[Stored items from a collection]
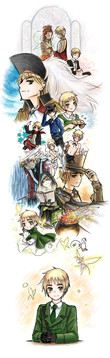 Of all of them, I think I like Ludwig, Yao, and Veneziano the most -- I mean, Ludwig, showing the suffering of the German people and the rise of Hitler for the time...Yao, showing the sheer agony of ideals and yet another giant clash in the land, with even more change than before...Veneziano...I mean, the flag of the Kingdom of Italy in the back; but the way he holds himself, grave and shadowed and small, it just speaks so much...
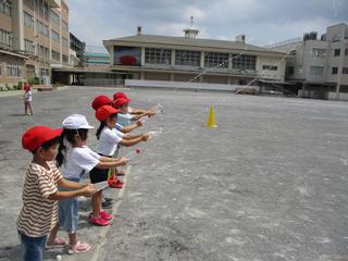 9月の生活科「なつがやってきた」では、これまでの水遊びの経験をもとに話し合い、よりよく楽しめる方法を考え、実践しました。思い思いの遊び方で夏の良さを味わっていました。
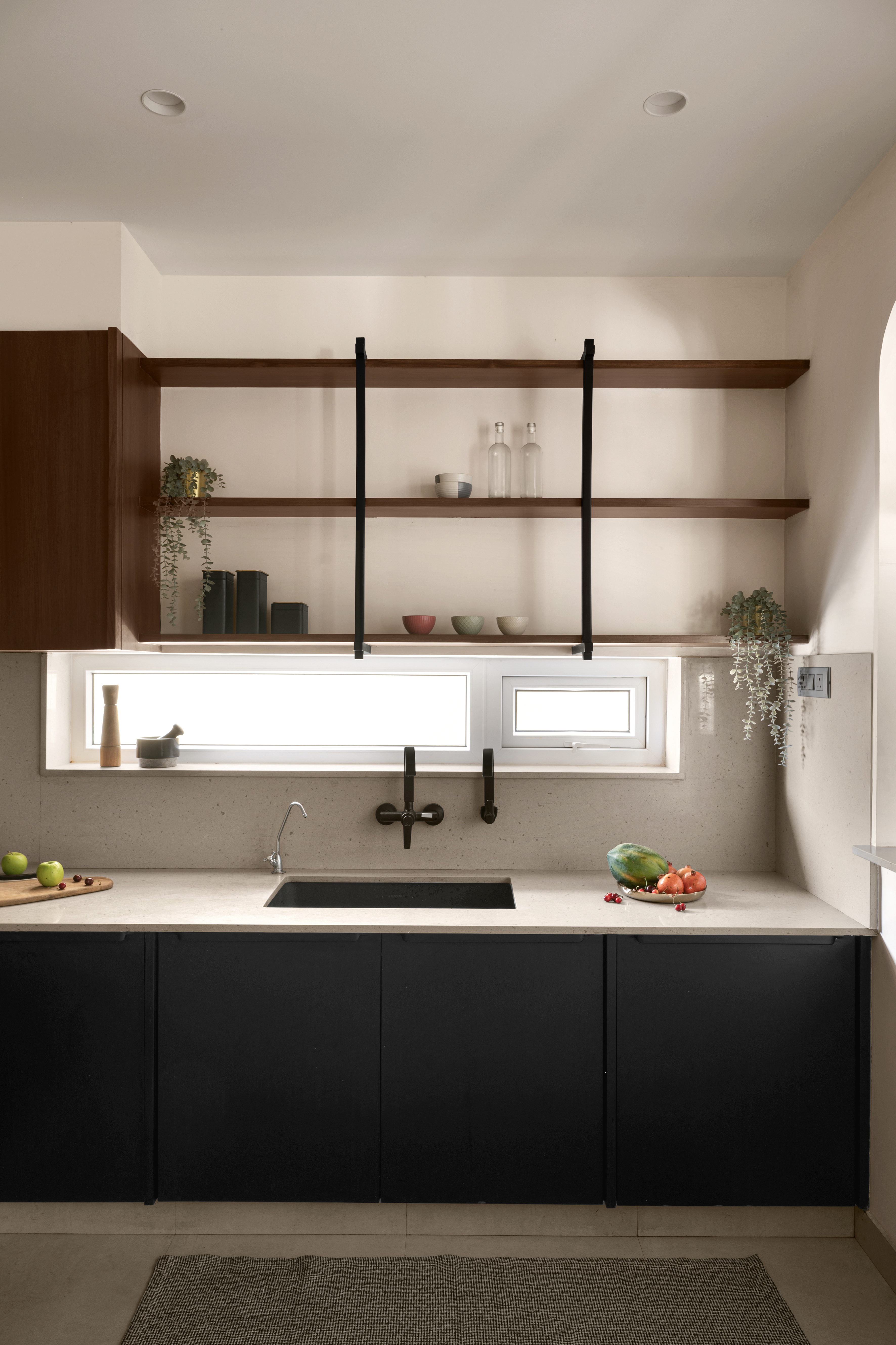 At the core of the ground floor is an open-plan layout connecting the living, dining and kitchen. Indian marble flooring and white walls establish a serene backdrop, while custom oakwood furniture, grey upholstery, and lush greenery add warmth and character. The kitchen, compact but deliberate in its expression, features handleless cabinets, dark oak shutters, and bespoke shelving, grounded by a pale quartz worktop. A softly arched entry marks the transition between the kitchen and living space, offering visual flow and a gentle threshold.
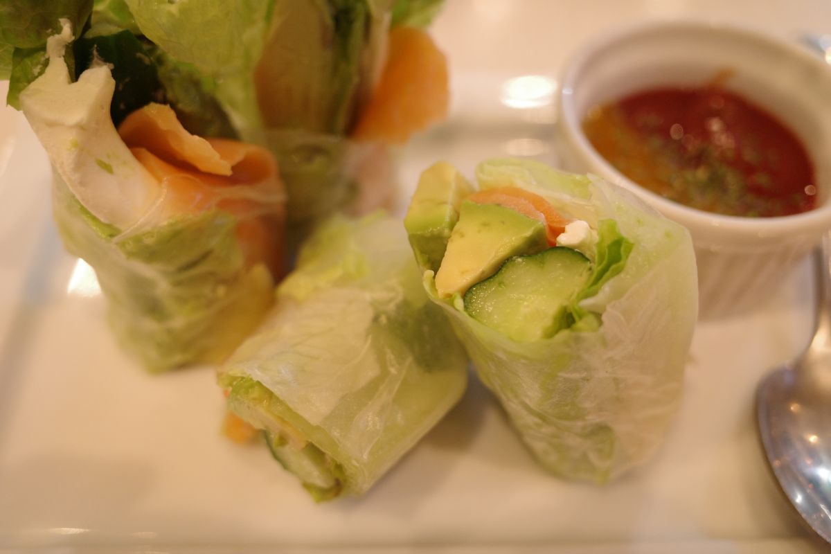 お料理はハンバーガーだけではありません。さまざまなハワイアン料理がそろっているので、ワインと合わせてぜひ楽しんでみてください。「スモークサーモンとアボカドクリームチーズの生春巻き」(税抜500円)は、大きなアボカドが入っていて、食べ応えもありますね!
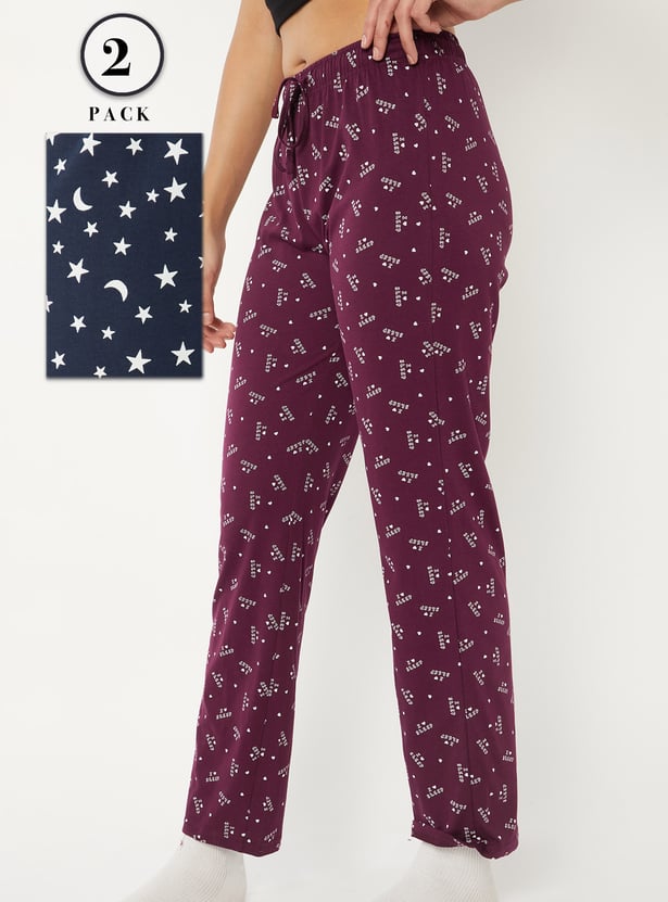 Relax in style with this pack of 2 printed pyjamas, tailored for everyday lounging. Designed with an elasticated waist and drawstring closure, they offer the perfect balance of comfort and functionality, making them a versatile addition to your wardrobe.
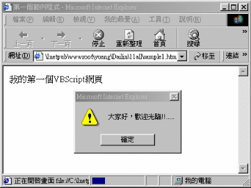 | <html> <head> <title>第一個範例程式</title> </head> <body> <script language="vbscript"> alert "大家好,歡迎光臨!!....." </script> </body> </html> |
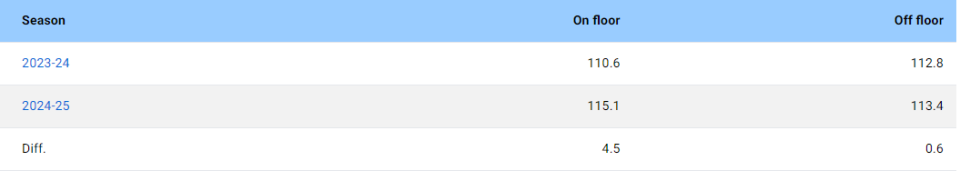 约基奇在过去四个赛季中始终领跑联盟正负值排行榜,期间掘金队在他登场时每百回合净胜分比其休战时高出惊人的20分。但防守下滑的主因恰恰发生在这位三届MVP的出场时段——2024-25赛季期间,掘金队在约基奇上场时每百回合失分较2023-24赛季多出4.5分。

= WORK REQUEST =
Every record above must be copied exactly; none of the pictures belong in the copy.

= RESPONSE AREA =
 Of all of them, I think I like Ludwig, Yao, and Veneziano the most -- I mean, Ludwig, showing the suffering of the German people and the rise of Hitler for the time...Yao, showing the sheer agony of ideals and yet another giant clash in the land, with even more change than before...Veneziano...I mean, the flag of the Kingdom of Italy in the back; but the way he holds himself, grave and shadowed and small, it just speaks so much...
 9月の生活科「なつがやってきた」では、これまでの水遊びの経験をもとに話し合い、よりよく楽しめる方法を考え、実践しました。思い思いの遊び方で夏の良さを味わっていました。
 At the core of the ground floor is an open-plan layout connecting the living, dining and kitchen. Indian marble flooring and white walls establish a serene backdrop, while custom oakwood furniture, grey upholstery, and lush greenery add warmth and character. The kitchen, compact but deliberate in its expression, features handleless cabinets, dark oak shutters, and bespoke shelving, grounded by a pale quartz worktop. A softly arched entry marks the transition between the kitchen and living space, offering visual flow and a gentle threshold.
 お料理はハンバーガーだけではありません。さまざまなハワイアン料理がそろっているので、ワインと合わせてぜひ楽しんでみてください。「スモークサーモンとアボカドクリームチーズの生春巻き」(税抜500円)は、大きなアボカドが入っていて、食べ応えもありますね!
 Relax in style with this pack of 2 printed pyjamas, tailored for everyday lounging. Designed with an elasticated waist and drawstring closure, they offer the perfect balance of comfort and functionality, making them a versatile addition to your wardrobe.
 | <html> <head> <title>第一個範例程式</title> </head> <body> <script language="vbscript"> alert "大家好,歡迎光臨!!....." </script> </body> </html> |
 约基奇在过去四个赛季中始终领跑联盟正负值排行榜,期间掘金队在他登场时每百回合净胜分比其休战时高出惊人的20分。但防守下滑的主因恰恰发生在这位三届MVP的出场时段——2024-25赛季期间,掘金队在约基奇上场时每百回合失分较2023-24赛季多出4.5分。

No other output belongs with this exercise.